The core issue this 40-something mom was
dealing with was the finality that corresponds to
a child’s success and proven ability
to take care of himself.

His new fantastic apartment reflects a sense of sustainability and independence; it made me sad. It confirmed (and screams to me) that my son can make it on his own and is a young, upwardly mobile professional. He doesn’t need us (a.k.a. ME) in the same ways he did in his youth. In reality, that is a good thing.

So, here is how I’m accepting my new truth and our new “nest”:

1. I’m letting him go. No longer will I try to think for him or make decisions when he only seeks a listening ear. Our relationship is different. This will be tough, but I can do it.

2. I’ll be proud. Instead of focusing on what I’m losing, I’m going to try to meditate on our blessing and success in raising a strong, intelligent, God-loving man.

3. Devoted to finishing the work. I have one more kiddo at home. He is a vivacious nine year old little pistol. Instead of lamenting over feelings of loss, I’ll remember I still have work to do with the one that remains.

4. I’m finding my life.

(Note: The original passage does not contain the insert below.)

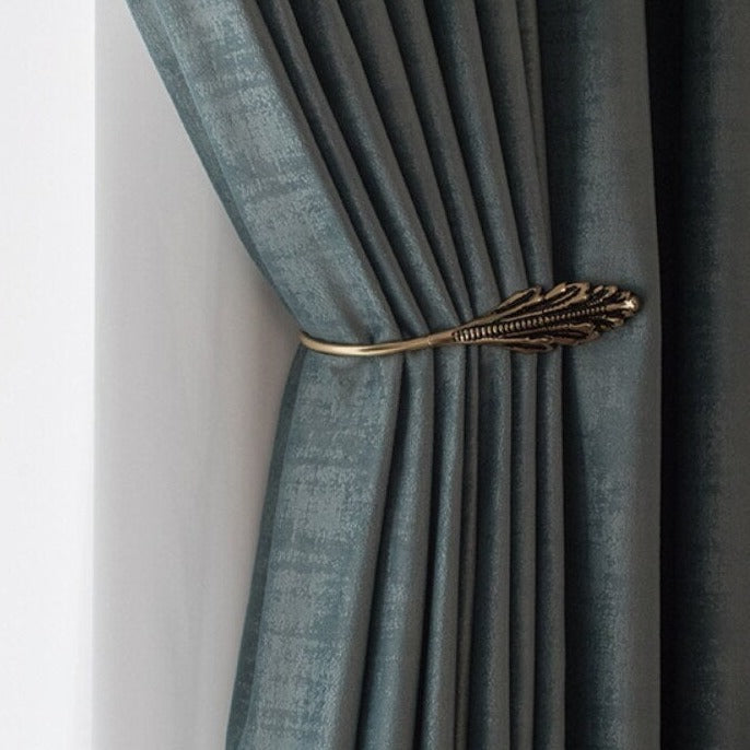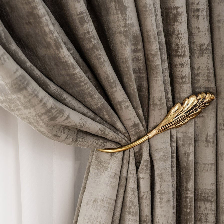 - Inkluderar en elegant fjäderformad gardinhållare i antikguld.

Ya know, it’s easy to focus so much on your kids that you lose sight of your own interests. I’ve done that to some degree. If I continue to do this, then I’ll be a lost, pitiful forty-something woman now AND later when my other child leaves home.

Hence, my blogging hobby. Many women feel the sense of “depression, sadness, and/or grief” “Psychology Today” describes on their website. I think it’s largely because they focused all their creative, spiritual and emotional energy into their child. They lose themselves a little and when the child is gone, they feel they have nothing left.

Reflect on what you once found (and find) fun, interesting or enjoyable. For me, it’s always been writing. Re-kindle your interest.

5. It’s ok to talk about it. I know it sounds cliché, but it’s ok to talk to a professional or a friend about your struggle. When your child leaves home, it can be a sad time. Further, it is a goodbye of not only your child, but also a part of your identity. That’s a big deal. Don’t stay stuck in a malaise, meet with a professional and begin plotting a pathway toward “happy” again.

I’ll be back to my fashion over 40 outfits soon. Just wanted to blog about these feelings in case someone else out there is feeling them too.